The news was frontloaded with U.S. politics jokes and Michael Che and Colin Jost each got in some decent bits about various Washington items, though nothing got a bigger laugh in NYC than Che dragging Mayor Bill de Blasio for maybe running for president. Kate McKinnon took to the desk with her rather perfect Elizabeth Warren impersonation, but this was about 90 seconds longer than it needed to be.

But for fans wondering, the segment finally delivered and Sandler reprised his classic character, Operaman, whose silly musical news roundup was worth the 24-year wait.

 
Donnelly's
 
Weirdly, this five-to-one Kate McKinnon vehicle showed up about 20 minutes early. McKinnon's promiscuous lush usually makes out with the host after some gross foreplay (that always exasperates Kenan Thompson's barkeep) and, with Sandler to her right, that seemed to be what was up.
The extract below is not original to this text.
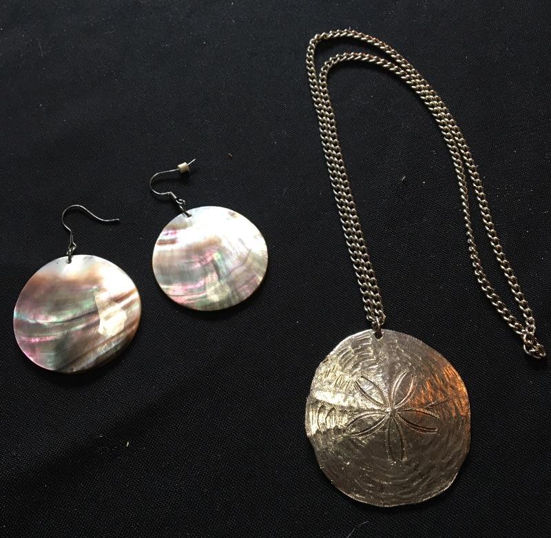 Sand Dollar Necklace with 24” Chain and Shell Earrings LOT 19

But then Kristen Wiig showed up to play Sandler's character's wife, and then things got pretty outta hand, with everyone's tongue wagging and lunging for another in a pretty formidable bit of physical comedy.
 
Chris Farley
 
Sandler's 24-year absence from Studio 8H has been attributed to professional acrimony over his being fired from SNL. But what do we really know about his emotional state when it comes to the place where he made some of his best friends, one of whom he lost forever? There's some joy and pain there and it all came out, as he ended the show by singing his recently released tribute to the late Chris Farley. The song is funny, mostly because it alludes to some classic SNL bits, but it's mostly heart-wrenchingly sad and that Sandler can even get through it without sobbing, is a testament to his fortitude. This was touching and compelling TV.